= Records for this task =
^^^^^^^^^^^^^^^^

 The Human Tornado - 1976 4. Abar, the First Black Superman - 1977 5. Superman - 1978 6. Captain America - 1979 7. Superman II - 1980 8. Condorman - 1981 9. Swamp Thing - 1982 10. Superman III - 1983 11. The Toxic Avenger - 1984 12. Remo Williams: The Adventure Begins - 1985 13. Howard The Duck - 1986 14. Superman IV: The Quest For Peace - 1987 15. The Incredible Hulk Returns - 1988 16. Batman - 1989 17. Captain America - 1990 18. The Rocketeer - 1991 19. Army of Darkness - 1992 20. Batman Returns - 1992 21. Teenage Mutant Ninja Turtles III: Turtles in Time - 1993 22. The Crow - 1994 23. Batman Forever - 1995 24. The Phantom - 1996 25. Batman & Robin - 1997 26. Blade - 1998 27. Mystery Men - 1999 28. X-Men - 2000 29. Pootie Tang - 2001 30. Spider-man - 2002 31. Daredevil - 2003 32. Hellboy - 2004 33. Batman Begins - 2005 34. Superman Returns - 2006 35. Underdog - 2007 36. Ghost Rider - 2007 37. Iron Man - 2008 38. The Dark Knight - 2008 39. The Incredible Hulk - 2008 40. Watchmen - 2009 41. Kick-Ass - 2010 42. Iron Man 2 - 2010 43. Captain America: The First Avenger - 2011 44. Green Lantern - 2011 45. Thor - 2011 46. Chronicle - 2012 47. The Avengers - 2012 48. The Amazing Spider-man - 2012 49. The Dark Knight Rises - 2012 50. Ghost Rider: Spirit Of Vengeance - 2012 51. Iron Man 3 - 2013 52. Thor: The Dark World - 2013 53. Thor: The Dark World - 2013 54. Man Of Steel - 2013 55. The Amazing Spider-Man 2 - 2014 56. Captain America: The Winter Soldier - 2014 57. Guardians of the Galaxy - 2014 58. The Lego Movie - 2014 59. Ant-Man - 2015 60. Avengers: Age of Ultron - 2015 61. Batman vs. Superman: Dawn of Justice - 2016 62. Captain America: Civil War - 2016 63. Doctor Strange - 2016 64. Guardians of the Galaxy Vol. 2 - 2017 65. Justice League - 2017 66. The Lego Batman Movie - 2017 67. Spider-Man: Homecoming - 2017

^^^^^^^^^^^^^^^^

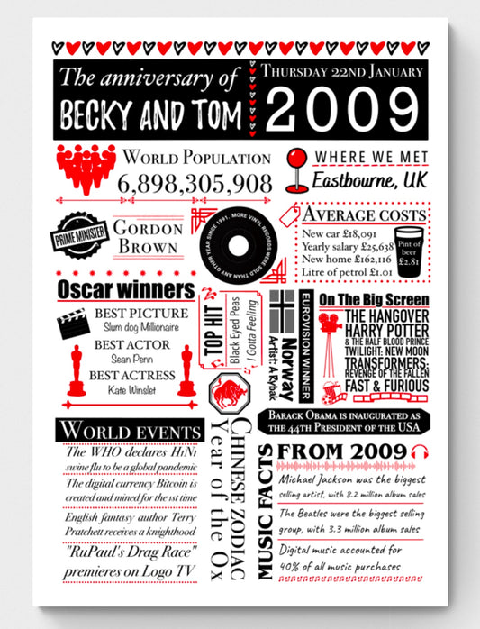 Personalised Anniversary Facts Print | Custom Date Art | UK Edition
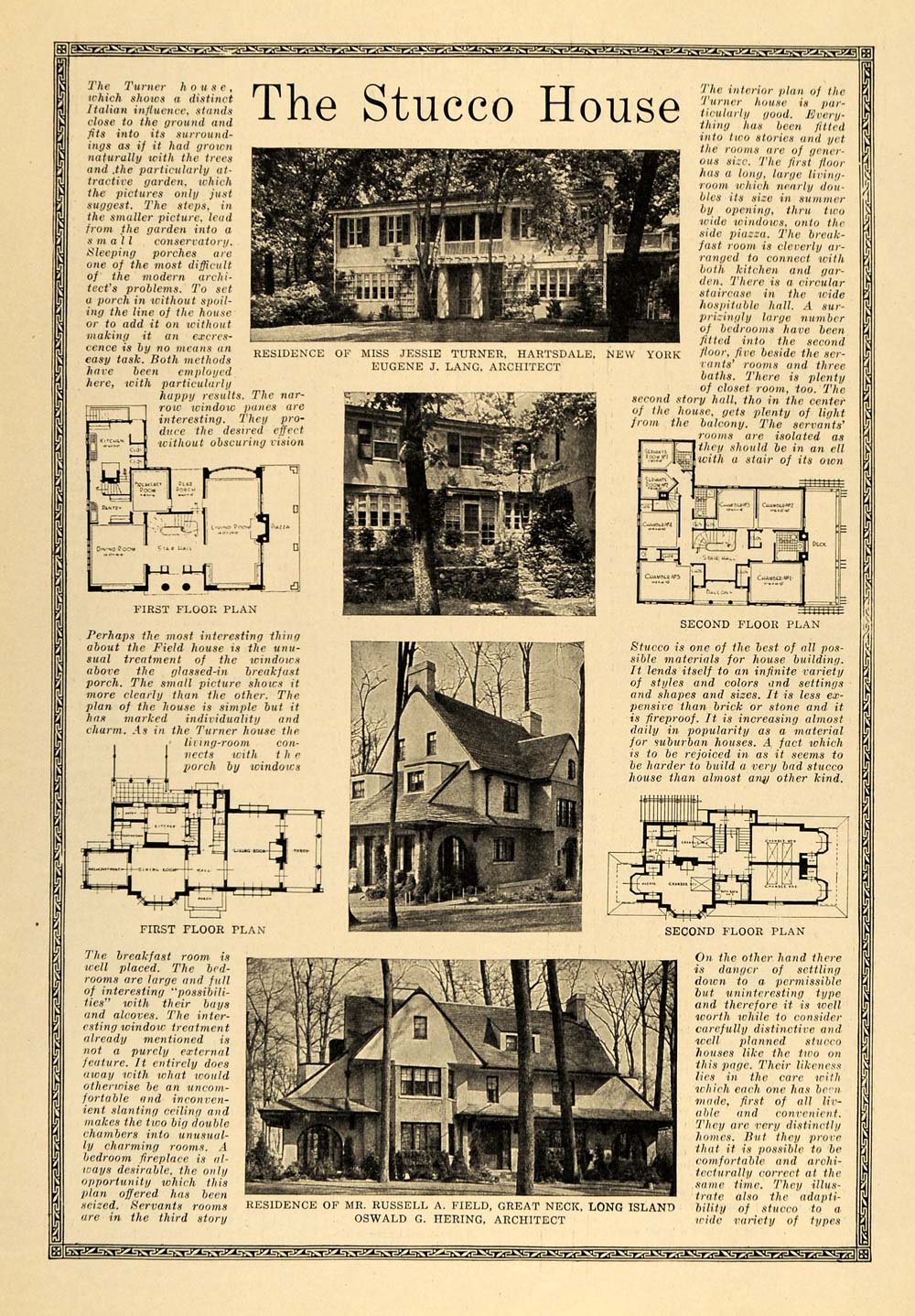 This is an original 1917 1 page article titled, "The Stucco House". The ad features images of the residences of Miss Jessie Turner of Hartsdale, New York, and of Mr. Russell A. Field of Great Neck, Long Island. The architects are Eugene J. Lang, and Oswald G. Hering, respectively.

^^^^^^^^^^^^^^^^

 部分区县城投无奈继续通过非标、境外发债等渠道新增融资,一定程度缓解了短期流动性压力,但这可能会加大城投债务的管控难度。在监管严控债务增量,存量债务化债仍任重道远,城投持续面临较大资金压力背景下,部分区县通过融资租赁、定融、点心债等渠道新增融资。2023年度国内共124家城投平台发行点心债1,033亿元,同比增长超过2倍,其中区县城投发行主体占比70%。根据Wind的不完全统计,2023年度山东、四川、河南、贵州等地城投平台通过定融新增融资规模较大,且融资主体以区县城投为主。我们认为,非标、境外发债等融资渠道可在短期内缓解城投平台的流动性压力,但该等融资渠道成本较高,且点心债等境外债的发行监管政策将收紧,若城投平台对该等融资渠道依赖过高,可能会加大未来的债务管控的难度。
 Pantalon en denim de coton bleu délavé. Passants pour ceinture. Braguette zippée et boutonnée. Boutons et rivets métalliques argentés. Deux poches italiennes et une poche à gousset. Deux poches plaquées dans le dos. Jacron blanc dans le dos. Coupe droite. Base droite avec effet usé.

^^^^^^^^^^^^^^^^

Copy back exactly the lines above from the one containing "Personalised Anniversary Facts" through the one containing "This is an original", and leave every picture behind.

 Personalised Anniversary Facts Print | Custom Date Art | UK Edition
 This is an original 1917 1 page article titled, "The Stucco House". The ad features images of the residences of Miss Jessie Turner of Hartsdale, New York, and of Mr. Russell A. Field of Great Neck, Long Island. The architects are Eugene J. Lang, and Oswald G. Hering, respectively.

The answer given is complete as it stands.